Clearly the pre- or post-harvest prevention of mycotoxin contamination is the preferred strategy for minimizing mycotoxins in foods and feeds. Failure to prevent fungal invasion and toxin formation in the field or in storage will inevitably lead to an increased risk of adverse health effects and economic loss. However, if chemical monitoring is successful, maize consumption should not be a significant source of increased health risk from mycotoxins. Early identification of mycotoxin-contaminated grains provides the opportunity to direct the most highly contaminated grains into uses that minimize consumption by sensitive species. Nonetheless, the lower economic value of contaminated maize can result in large monetary losses for the farmer. In addition, regulatory limits that are inappropriately stringent can effectively remove large amounts of maize from the market. For example, in a year of high fumonisin contamination in maize-producing countries (in the absence of careful monitoring), an action limit set too low could result in a significant loss of food from the market. Thiel et al. (1992) reported that 35 percent of the commercial maize products that they sampled from the United States contained more than 1 part per million (ppm) of total fumonisins. Worldwide, total fumonisins in maize meal range from < 50 parts per billion (ppb) to several ppm (Shephard et al., 1996). Thus, an action limit set at 1 ppm could result in a significant loss of maize meal from the world market. In a time of dwindling food supplies, this is clearly an unacceptable loss.
Known to be effective
- Reduction in plant stress through irrigation, mineral nutrition, protection from insect damage.
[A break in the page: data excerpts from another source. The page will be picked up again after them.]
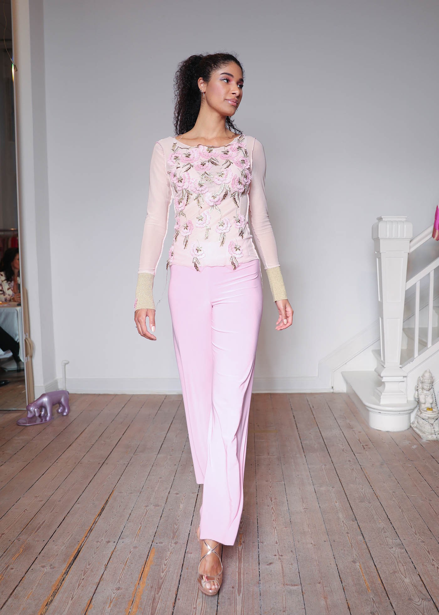 The classic cut of these loose leg jersey trousers in strong pink harmonises particularly well with our fan lace shirt with gold cuffs. Alternatively, wear the trousers with one of our classy embroidered lace shirts or one of our turtleneck shirts. With their simple, elegant style, the pants go with countless tops and are very comfortable to wear thanks to the stretch jersey fabric. The jersey pants are also perfect for a day at the home office. Suitable for suitcases and travel.
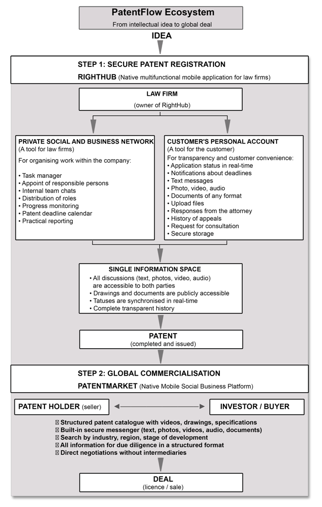 PatentFlow Ecosystem is the world's first native mobile ecosystem for Android and iOS, combining two key links in the chain of intellectual property creation and commercialisation:
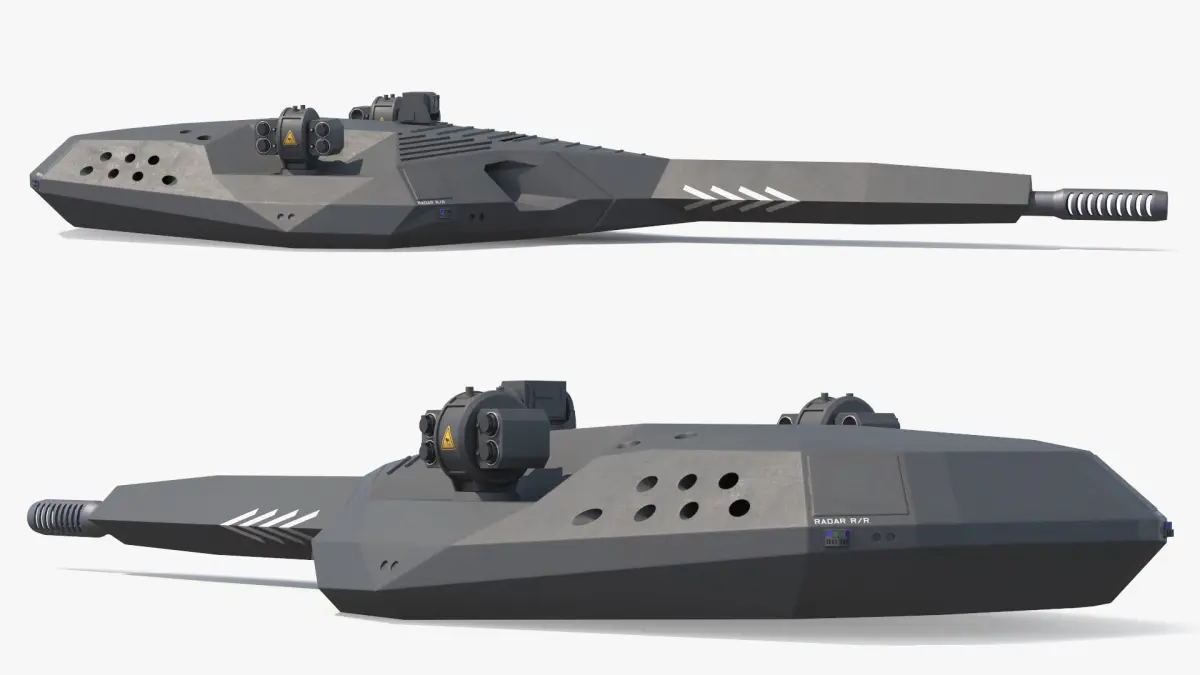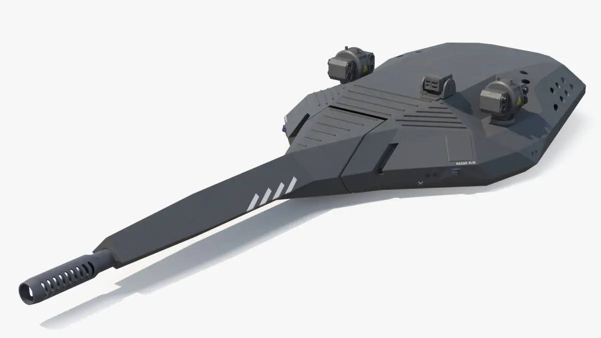 The model showcases a low-profile angular design with stealth features, reinforced plating, and a long-barreled main cannon. It incorporates high-tech sensors, radar modules, and targeting systems for precision combat. Its dark gray finish emphasizes modernity and stealth-oriented engineering.
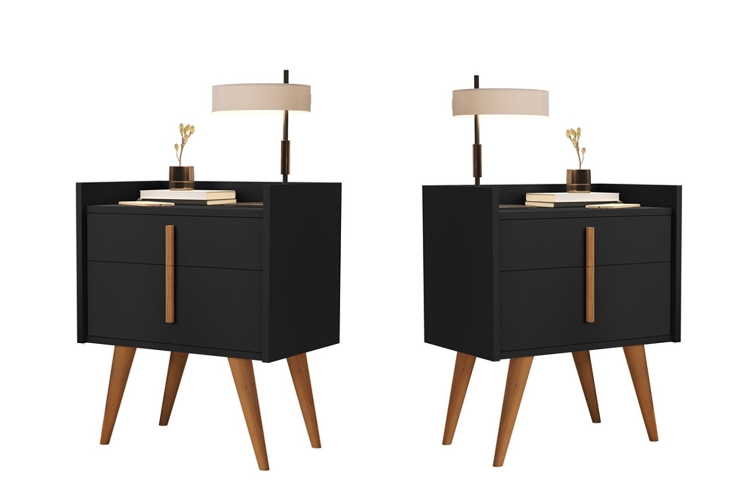Kit 2 Mesas de Cabeceira 1188 Com Porta e Gaveta Pés Palito Preto - JM Casa dos Moveis
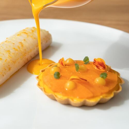 In a pared-back interior dominated by wood and white features, Marc-Antoine Lepage (previously of Les Foudres, but also a former sous-chef at Le Mirazur) and Adeline Lesage (who also worked at Les Foudres) combine their talents to serve up modern cuisine that is full of lightness and interplays of textures. The artichoke cream, basil berlingot, purple artichoke barigoule is a festival of nuances and subtle contrasts; the lobster cooked in shellfish oil, chanterelles, honey and tarragon also delights the taste buds. Meat is the star of the show, alongside fish and seafood. A single surprise set menu comprising several courses.
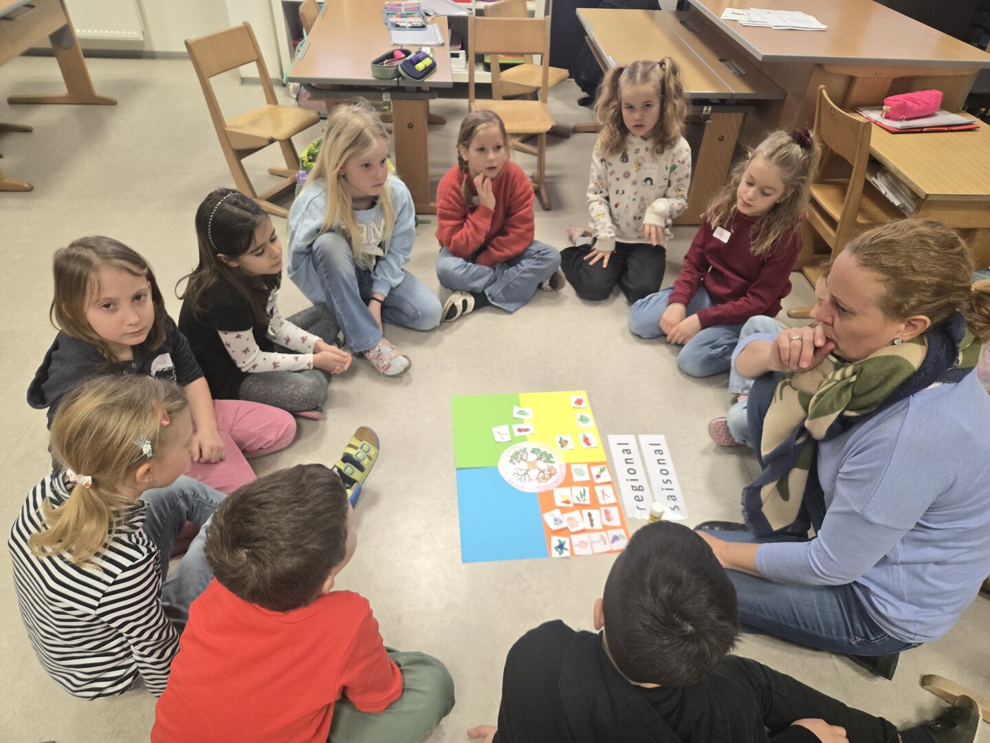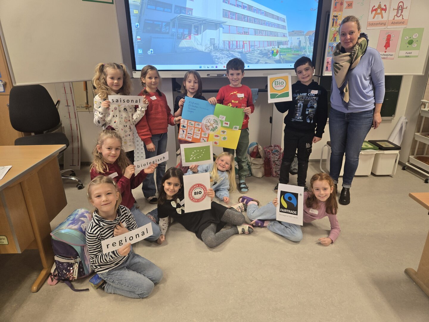 Die Kinder der 2B beschäftigten sich mit klimafreundlichem Essen. Dabei lernten sie, welche Lebensmittel gut für unsere Umwelt sind und wie kleine Entscheidungen beim Essen einen großen Unterschied machen können.

- Avoidance of environmental conditions that favour infection in the field.
- Minimization of crop residues and other point sources of inoculum.
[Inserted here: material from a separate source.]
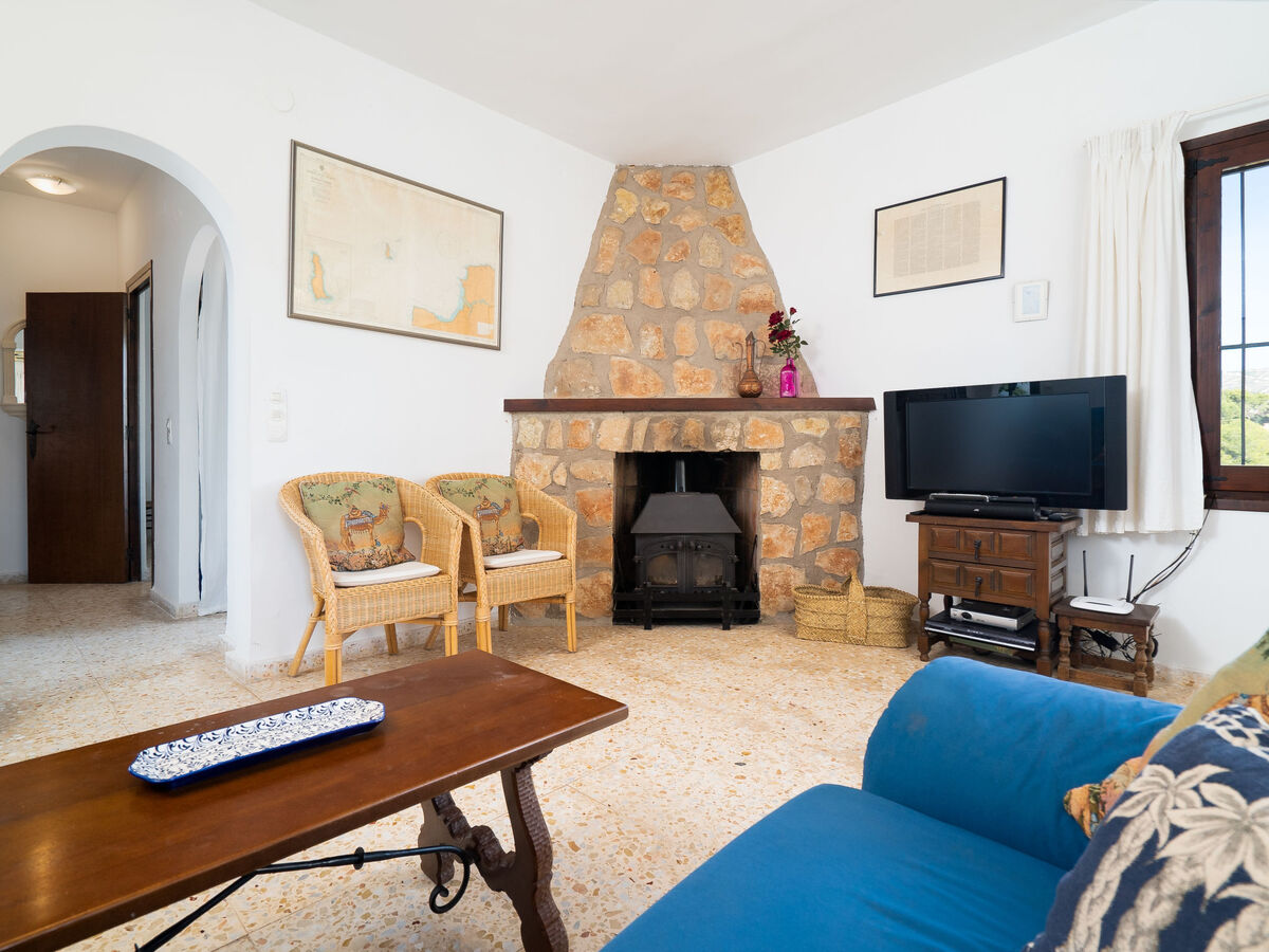 Aménagement fonctionnel et rustique: séjour/salle à manger avec poêle suédois, TV (satellite) et air-conditionné.

- Breeding for maize cultivars resistant to fungal infection.
- Use of crop protection chemicals that are antifungal agents.
- Development of transgenic maize plants resistant to fungal infection.
- Development of transgenic maize cultivars capable of catabolism/interference with toxin production.
- Development of maize genetically engineered to resist insect damage.
- Development of maize seeds containing endophytic bacteria that exclude toxigenic fungi.
- Exclusion of toxigenic fungi by pre-infection of plants with biocompetitive-non-toxigenic fungal strains.
Known to be effective
- Harvesting when water content is optimal to prevent saprophytic development of toxigenic fungi.
- Removal of damaged maize and drying of kernels to the optimal moisture content before storage.
- Control of insect and rodent activity and maintenance of appropriate moisture levels and temperature.
- Frequent cleaning of feed delivery systems and short-term storage areas.
- Use of antifungal agents such as propionic and acetic acids.
Note: The authors would like to acknowledge the expert advice from and valuable discussion with A.E. Desjardin, United States Department of Agriculture, Agricultural Research Service (USDA-ARS).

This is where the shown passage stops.